Jonah paused. He studied the faces of the jurors, each one in turn.

Finally he spoke again, in a hushed whisper.

“Two men lie dead on the ground. One is a man who’s been a friend and neighbor to you all, all his life—Luther Cosgrove, an employee of Mr. Stringer for nearly thirty years. He lies dead in the side yard, shot in the face by the men on horseback. The other is a much younger man from out in the county, a fellow named Jimmie Cooper, who had come to that house of his own free will that night and volunteered to stand guard over that dying old man. Jimmie Cooper lies dead on the ground in front of the house.”

Jonah paused and shook his head sorrowfully, as if he couldn’t believe the price Jimmie and Luther had paid.

“But then there is a miracle,” he said. “Three of the killers are arrested. For once, they are not allowed to pull on their Klan hoods and go riding off into the darkness, unmolested, unpunished. For once, there are men who are interested in capturing the killers, in bringing them to justice—in bringing them here today, to face trial before a jury of their peers. And that, of course, is where you gentlemen come into the story.”

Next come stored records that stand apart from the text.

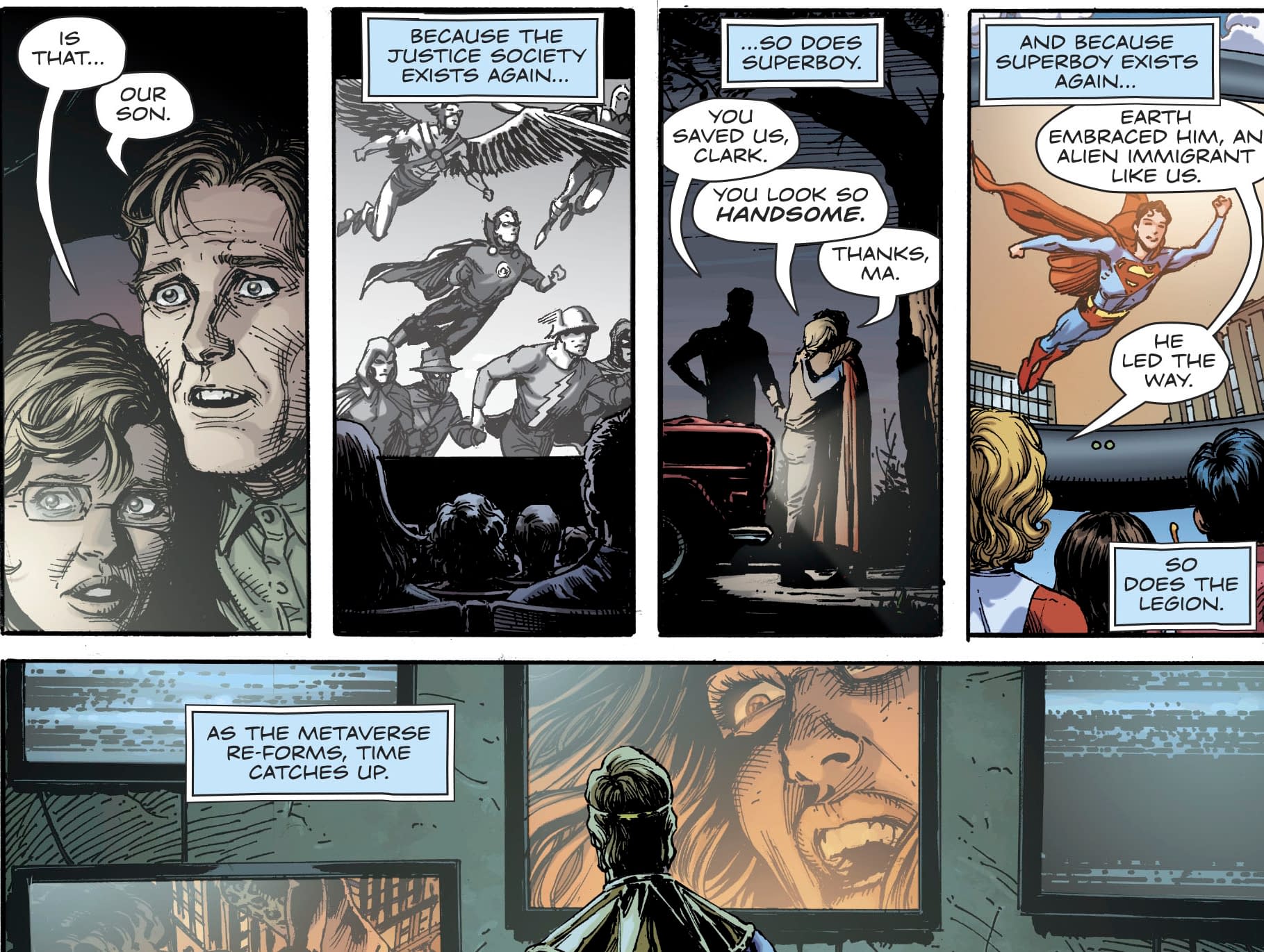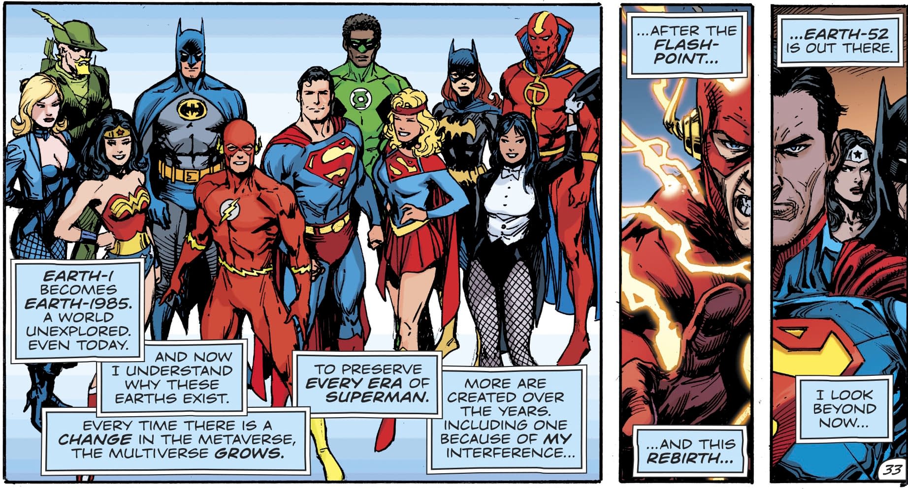 That the Multiverse shaped itself around the Metaverse, creating new realities to preserve every era of Superman, such as the original Earth-Two, Crisis Earth and New 52 Earth.
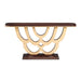 AICO Furniture Camellia Field Console Table in Warm Pecan 9090223-400. The Camellia Field Console Table exudes bold artistry and refined craftsmanship. Its mahogany veneer top, finished in warm pecan, is complemented by a sculptural base in antique gold, reminiscent of cascading petals. Perfect for an entryway or living space, this table blends practical function with eye-catching design.
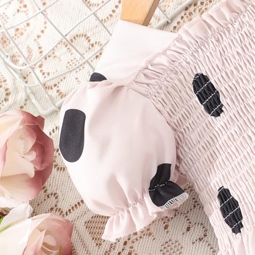 Little Girls Polka Dots Lantern Ruffle Sleeve Elastic High Waist Maxi A-line Pleated Summer Party School Dress 6
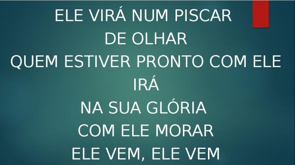 - ELE VIRÁ NUM PISCAR DE OLHARQUEM ESTIVER PRONTO COM ELE IRÁNA SUA GLÓRIA COM ELE MORARELE VEM, ELE VEM
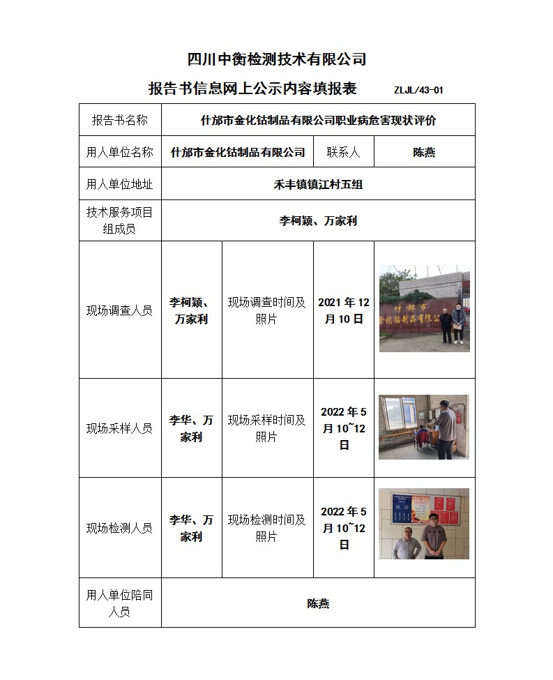 什邡市金化钴制品有限公司 职业病危害现状评价报告书
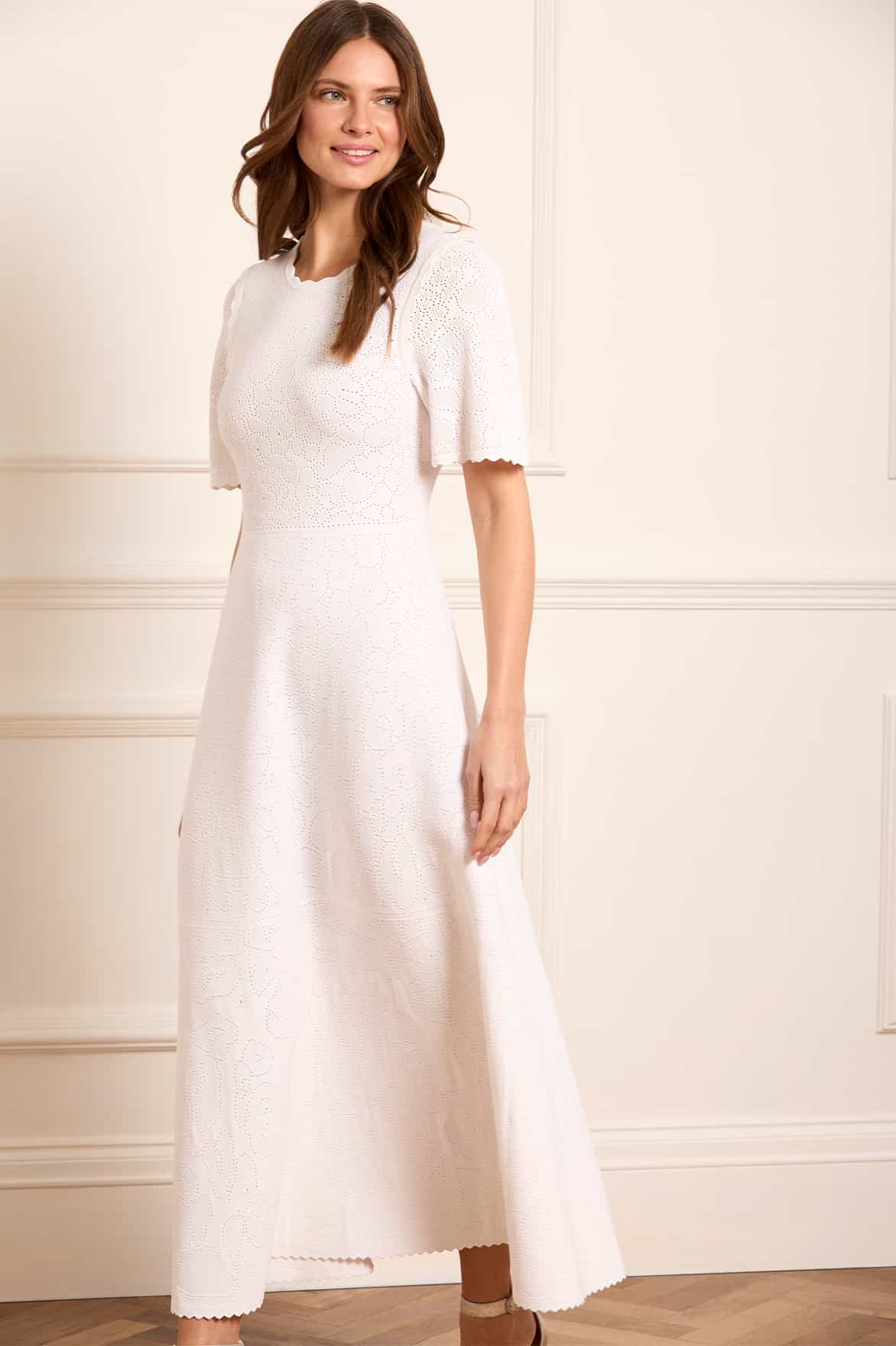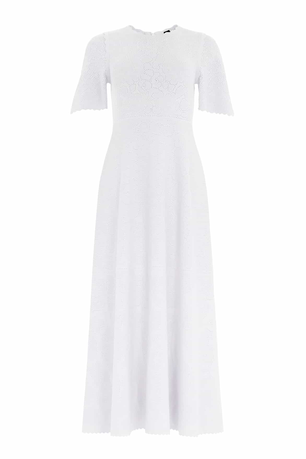 - Knitted stretch viscose dress with decorated floral pointelle detail

He turned, pointed his finger at the defendants. “There they are. Mr. Chester Madden. Mr. Henry North. Mr. Lincoln Stephens.”

The defendants put on the smirk they had evidently practiced beforehand, but they couldn’t hold it. Their nerves and the silence in the room got the best of them.

It was now time for the most difficult, delicate portion of the opening statement. Jonah and I had spent hours in the War Room going back and forth over this part, trying to find the best way to say what he needed to say.

“Gentlemen, you may have noticed there is one fact I left out of my account,” Jonah said. “You may think it’s the most important fact of all. And that is the fact that these defendants are white men. They attacked a colored family in a colored neighborhood. One of the men they killed was white. The other was black. I didn’t mention any of this to you.

“And do you know why? I’ll tell you why—because the pursuit of justice knows no color! The pursuit of justice admits only that which is fair, and honest, and true.

“This case is not about race. It is not about the black versus the white. This case is much easier than that. It’s a simple matter of justice.

“Now, as the prosecutor representing the great state of Mississippi, it will be my job to show you how these three men attacked and pillaged, how they came to the Eudora Quarters planning to kill, intending to kill. How they planned and then executed the deliberate, premeditated murder of two men on a hot, awful night in the Quarters. On a night when these three men, and all the ones who got away, were hoping that justice had taken a holiday. Well, justice has not taken a holiday here in Eudora!”